What explains the difference between the propagated uncertainty and the standard

deviation?

The propagated uncertainty and the standard deviation are both measures of variability in a dataset, but they differ in their calculation and interpretation.

The standard deviation is a measure of the spread or dispersion of a dataset around its mean. It quantifies how much individual data points deviate from the average. To calculate the standard deviation, you can follow these steps:

1. Calculate the mean (average) of the dataset.
2. For each data point, subtract the mean and square the result.
3. Find the average of the squared differences calculated in step 2.
4. Take the square root of the average obtained in step 3.

The standard deviation gives you a single value that represents the typical or expected amount of variation in the dataset. It is commonly used in statistical analysis to understand the variability and distribution of data.

On the other hand, propagated uncertainty is a concept used in measurement and scientific experiments to estimate the uncertainty or error in a calculated or derived quantity.
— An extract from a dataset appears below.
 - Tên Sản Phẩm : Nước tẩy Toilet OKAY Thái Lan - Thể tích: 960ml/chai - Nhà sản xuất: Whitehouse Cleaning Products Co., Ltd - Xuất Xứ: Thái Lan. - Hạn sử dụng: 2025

It takes into account the uncertainties of the individual measurements or variables used to calculate the final quantity.

The propagated uncertainty considers the uncertainties of each measurement or variable, as well as the relationships between them when calculating the final uncertainty. It uses the principles of error propagation and mathematical formulas to estimate the uncertainty in the calculated quantity.
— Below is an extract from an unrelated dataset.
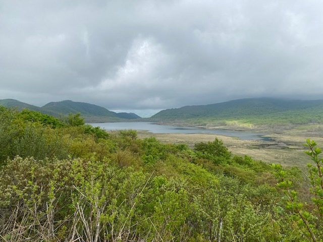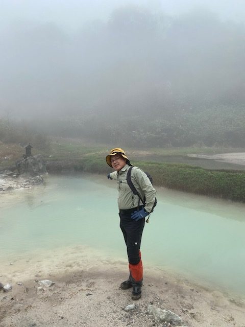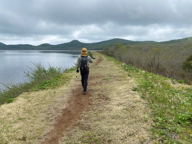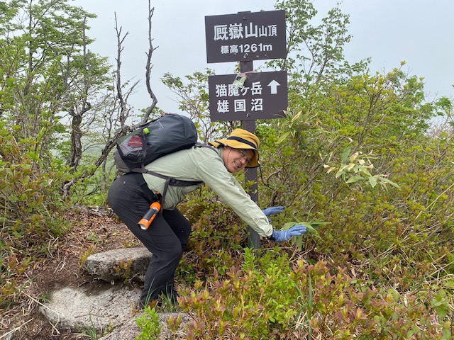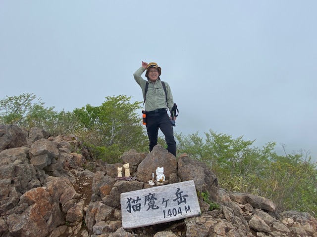 <詳細報告>小山を4時に出発、仙台から合流するメンバーと厩岳山登山口駐車場で6時30分待ち合わせ、一台をデポして、翁島駐車場には6時40分到着。7時にスタート。ガスガスの中、初めは緩やかな登りでそのうちに岩の多い登山道となり、急登になる。登山者を4人くらい追い抜いたが、それ以外はいない。ガスで景色が全く見えず、蒸し暑いので汗がすごい。水分補給を十分しながら登る。途中スミレやミネザクラ、ミヤマキンバイなどあり。山頂に到着すると多くの登山者がおり、八方台登山口などからたくさん登ってきているようだった。景色も見えないので、弘法清水まで下って、ここで休憩。ここもたくさんの登山客で賑わっていた。そこからはダケカンバやブナの幻想的な風景となり、江戸時代の噴火でマザーと呼ばれる数少ない樹齢の長いブナより別れた若いブナが生えているとのことだった。また中の湯跡ではボコボコ温泉が噴き出しているエメラルド色の池があり、触ると冷たいのでそれほど熱くない温泉であった。八方台登山口に到着すると、びっくりするくらい多くの車が駐車しており、トイレも立派であった。ここから猫魔ヶ岳を目指した。緩やかな登りの落ち葉がふかふかな登山道をゆくと、猫魔ヶ岳に到着。猫の置物がいくつかあり。ガスが一部取れて、檜原湖が一望できた。遊覧船が動いていた。ここでお昼休憩とし、私は肉うどんのカップ麺であっさりとして美味しかった。猫石(弘法大師が化け猫を閉じ込めた石で猫の形をしているわけではない)を通過し、雄国沼が見えてくるとガスも取れて、全体が見渡せた。湖畔の道が綺麗で、水芭蕉も咲いていた。しばらくゆくと雄国沼休憩舎があり、立派なログハウス風の建物で、中に入るとカメムシの死骸がたくさんあったが、それ以外は広々として綺麗であった。ここから沼の周辺を歩き、金沢峠に少し登り、車道をしばらく歩く。沼周囲のニッコウキスゲが咲く頃は車道が渋滞するらしい。ここからしばらくゆくと厩岳山登山口となり、少し登るとすぐに山頂到着。景色は良くない。ここから厩岳山神社にゆくと、水場は枯れており、神社も完全に建物が崩壊していた。そこから第30数番から1番までところどころお地蔵さんと短歌のような札がかかっており、登山道の両脇にはニリンソウがずっと群生していて幻想的であった。長い林道を歩き、ようやくデポしていた車が見えた。翁島登山口までは星野リゾートのアルツスキー場の脇を通り20分くらいで到着。東北道は空いていて20時には小山に到着した。

To calculate the propagated uncertainty, you typically follow these steps:

1. Identify the variables or measurements involved in the calculation.
2. Determine the uncertainties associated with each variable or measurement.
3. Use mathematical formulas or methods, such as the "sum of squares" or "product rule," to calculate the propagated uncertainty.

The propagated uncertainty provides an estimate of the potential error or uncertainty in the final result based on the uncertainties of the input variables. It helps in understanding the reliability and accuracy of the calculated quantity.

In summary, the standard deviation quantifies the variability within a dataset, while the propagated uncertainty estimates the uncertainty in a calculated quantity by considering the uncertainties of the input variables.